Quelles contreparties exiger des entreprises aidées par l’argent public ?

Publié le 5 juin 2020

Cette question importante est traitée dans un long article de J. Delépine dans l’hebdomadaire numérique d’Alternatives Economiques du 31 mai 2020.

En voici quelques extraits :

« Face aux 20 milliards d’euros de soutien public aux entreprises menacées par la pandémie, les attentes environnementales et sociales sont fortes mais pas si faciles à mettre en place.

Comment sauver les pollueurs ? A cette question délicate, le gouvernement semble pour l’instant vouloir apporter une réponse simple : en les renflouant sans conditions.

L’Etat a en effet provisionné 20 milliards d’euros pour soutenir, voire nationaliser, certaines grandes entreprises dites « stratégiques » pour éviter qu’elles ne disparaissent avec la crise actuelle. Au premier rang figurent Renault et Air France, dont les activités contribuent largement au réchauffement climatique.

Plusieurs ONG ont lancé une campagne pour que toute montée au capital de l’Etat dans une entreprise soit soumis à « une obligation de réduction d’émissions de gaz à effet de serre […], au non-versement de dividendes et à une limitation stricte des hauts salaires ». 

Un amendement en ce sens, avancé par le député Matthieu Orphelin (ex-LREM aujourd’hui EDS) a cependant été rejeté. Le texte du budget rectificatif adopté prévoit certes de veiller à ce que les entreprises renflouées intègrent des objectifs de responsabilités sociales et environnementales. Mais il n’impose pas de contrainte juridique…

Que peut-on demander ?

De telles contreparties paraissent pourtant incontournables pour éviter que la relance post-confinement n’accentue le dérèglement climatique. Leur forme précise reste en revanche bien délicate à définir.

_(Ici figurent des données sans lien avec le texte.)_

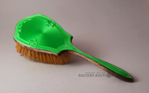 Antīka giloša otiņa. Zaļa. Antīka drēbju otiņa ar giloša emalju, Anglija, piesātināti zaļa. Sudrabs, giloša, emalja, koks, dabīgi sari. 23,5 cm. Krāsains priekšmets.

Comment concrètement demander à une compagnie aérienne de réduire ses émissions de gaz à effet de serre si ce n’est en réduisant son activité, et donc en supprimant des emplois ? En réalité, il y a un débat dans le débat, celui sur les contreparties masquant celui sur la difficile gestion de la transition vers une économie bas carbone, avec ses implications en termes d’emploi pour les secteurs les plus polluants.

L’ONG Oxfam proposait que la montée de l’Etat au capital de ces entreprises (qui n’a pas encore eu lieu) soit conditionnée à la mise en place dans les douze mois d’un plan de réduction de leurs émissions de gaz à effet de serre respectant la stratégie nationale bas carbone et l’accord de Paris1. Soit les deux textes centraux que les écologistes demandent à l’Etat de respecter – en vain, pour l’instant.

Les organisations écologistes plaident également pour que soit prise en compte l’intégralité de l’empreinte carbone engendrée par l’activité des entreprises : non plus seulement celles émises lors de leur fabrication, mais aussi, entre autres, les émissions indirectes liées à l’utilisation de leurs produits. Un constructeur comme Renault devrait alors réduire la pollution engendrée par les conducteurs de ses voitures…

Grâce à sa présence renforcée au capital des entreprises, l’Etat pourrait peser plus directement sur leur stratégie. Mais l’expérience d’EDF montre qu’une entreprise contrôlée majoritairement par l’Etat peut continuer de bafouer les engagements nationaux : l’électricien ayant continué de mener une stratégie pro-nucléaire, alors même que les lois adoptées prévoyaient une réduction de la place de l’atome dans le mix énergétique. C’est pourquoi les ONG privilégient l’instauration d’un cadre légal contraignant.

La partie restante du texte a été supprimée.